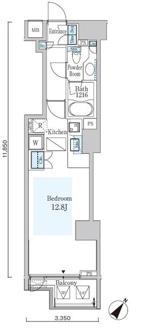 | 間取り | ワンルーム | 専有面積 | 34.55m2 |
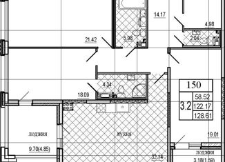 Общая площадь: 128.61 м2
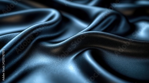 Dark blue silk fabric drapes, studio shot, smooth texture, elegant background, fashion design
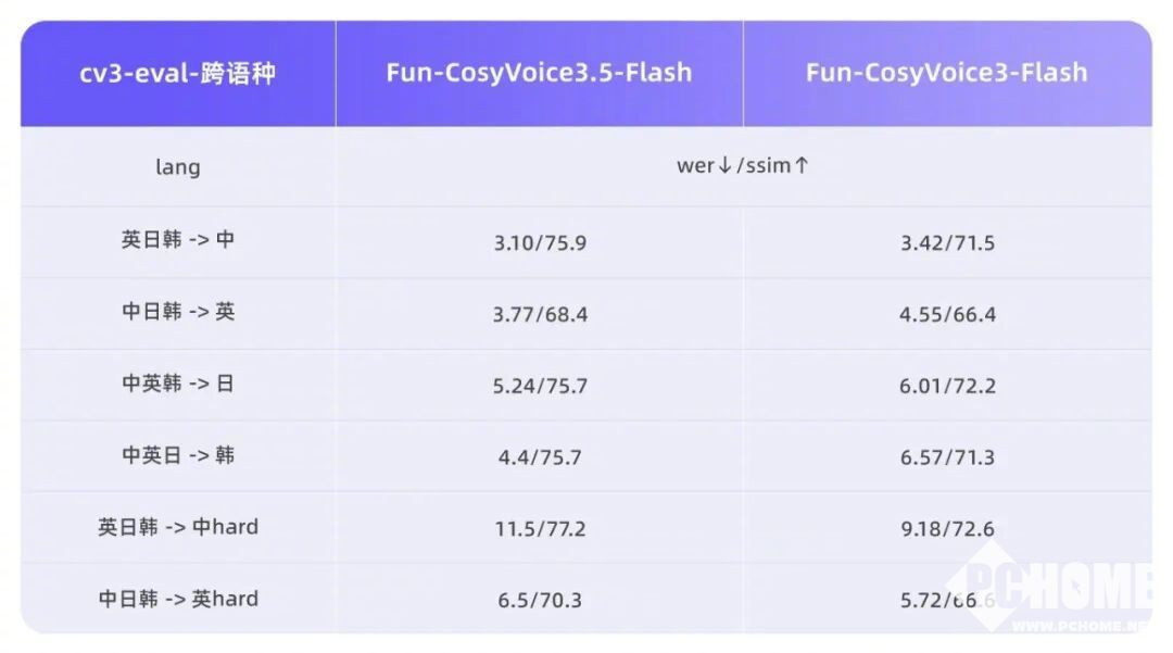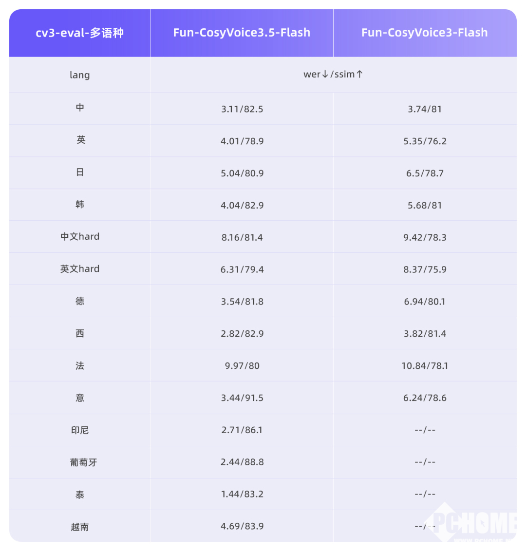 PChome获悉,Fun-CosyVoice3.5包含多语种复刻与精细化表达控制,用户可通过自然语言描述控制语音细节,模型实时调整合成效果;新增泰语、印尼语、葡萄牙语、越南语支持,覆盖13种语言,生僻字读错率从15.2%降至5.3%;Tokenizer帧率减半,首包延迟降低35%,实时交互响应更快;通过强化学习提升韵律自然度与表达层次感。
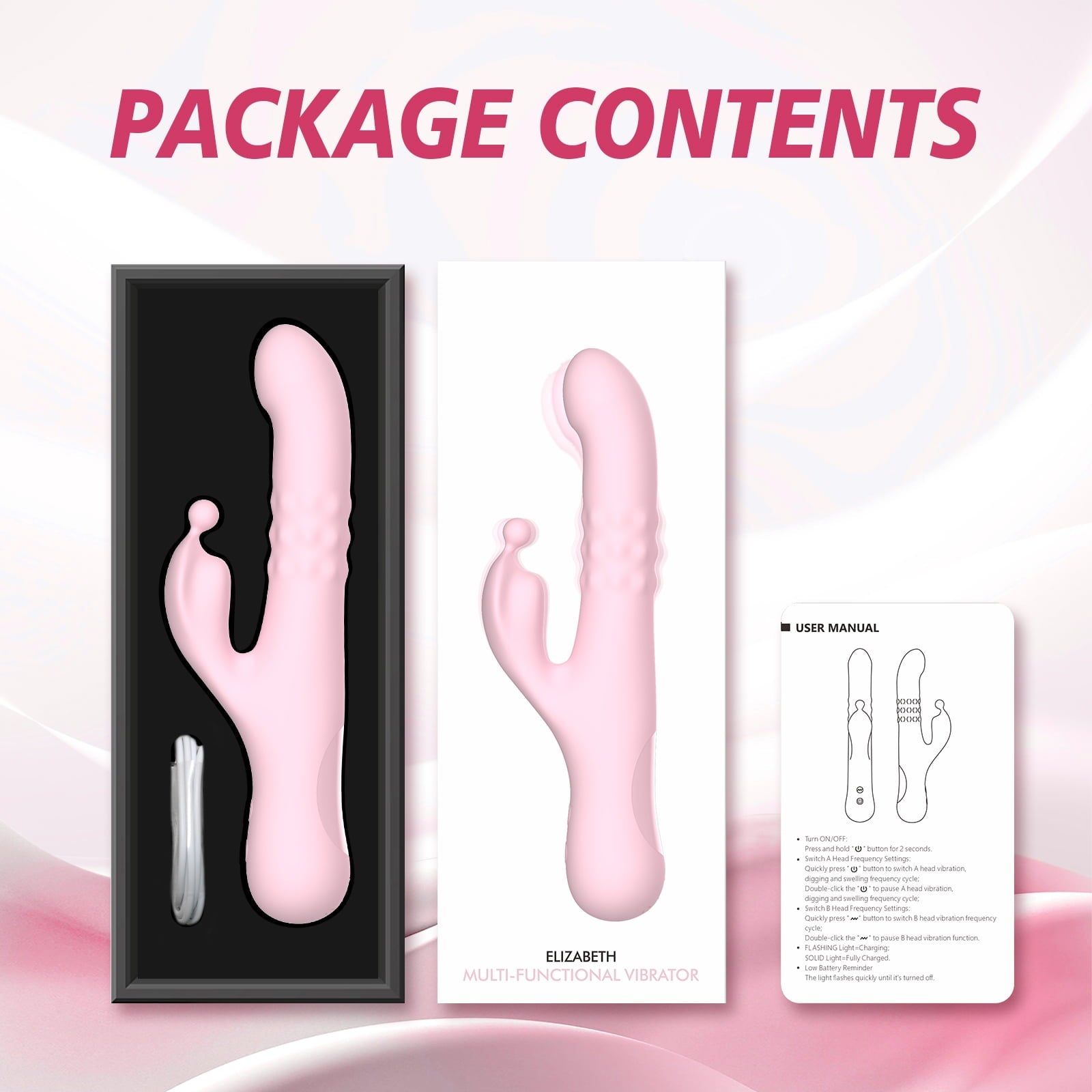 - 4-IN-1 VIBRATORS - STIMULATES INSIDE AND OUT:Stimulating both inside and out makes achieving the Big "O" easier. The female vibrator combines external clitoral stimulation with internal vibrations and tapping, targeting the C-spot A-spot and G spot.
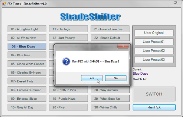 After the desired Preset is selected, just click the [Run FSX] button.    SHADE for FSX with the desired Preset will be loaded, and then followed by the running of FSX.
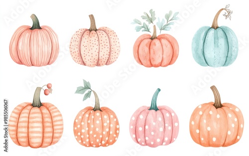 Cute handdrawn pumpkins featuring pastel stripes, polka dots, and chevron patterns, in pink, mint, light blue, and orange, with varied textures, on a solid white background
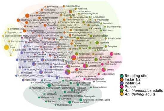 Correlation network using Pearson’s correlation coefficient (r) and log-transformed abundances of microbial groups in the different anopheline samples and their breeding site. The green circle represents the cluster associated with bacteria from the water sample. The yellow circle represents the cluster of bacteria from An. darlingi adults. Clusters with no circles represent bacteria of immature and adult stages of An. triannulatus s.l.
+ + + + + + +
**WORK INSTRUCTIONS**. In your copy of the listing above, reproduce each line exactly and omit all pictures.

**EXERCISE RESPONSE**.
 | 間取り | ワンルーム | 専有面積 | 34.55m2 |
 Общая площадь: 128.61 м2
 Dark blue silk fabric drapes, studio shot, smooth texture, elegant background, fashion design
 PChome获悉,Fun-CosyVoice3.5包含多语种复刻与精细化表达控制,用户可通过自然语言描述控制语音细节,模型实时调整合成效果;新增泰语、印尼语、葡萄牙语、越南语支持,覆盖13种语言,生僻字读错率从15.2%降至5.3%;Tokenizer帧率减半,首包延迟降低35%,实时交互响应更快;通过强化学习提升韵律自然度与表达层次感。
 - 4-IN-1 VIBRATORS - STIMULATES INSIDE AND OUT:Stimulating both inside and out makes achieving the Big "O" easier. The female vibrator combines external clitoral stimulation with internal vibrations and tapping, targeting the C-spot A-spot and G spot.
 After the desired Preset is selected, just click the [Run FSX] button.    SHADE for FSX with the desired Preset will be loaded, and then followed by the running of FSX.
 Cute handdrawn pumpkins featuring pastel stripes, polka dots, and chevron patterns, in pink, mint, light blue, and orange, with varied textures, on a solid white background
 Correlation network using Pearson’s correlation coefficient (r) and log-transformed abundances of microbial groups in the different anopheline samples and their breeding site. The green circle represents the cluster associated with bacteria from the water sample. The yellow circle represents the cluster of bacteria from An. darlingi adults. Clusters with no circles represent bacteria of immature and adult stages of An. triannulatus s.l.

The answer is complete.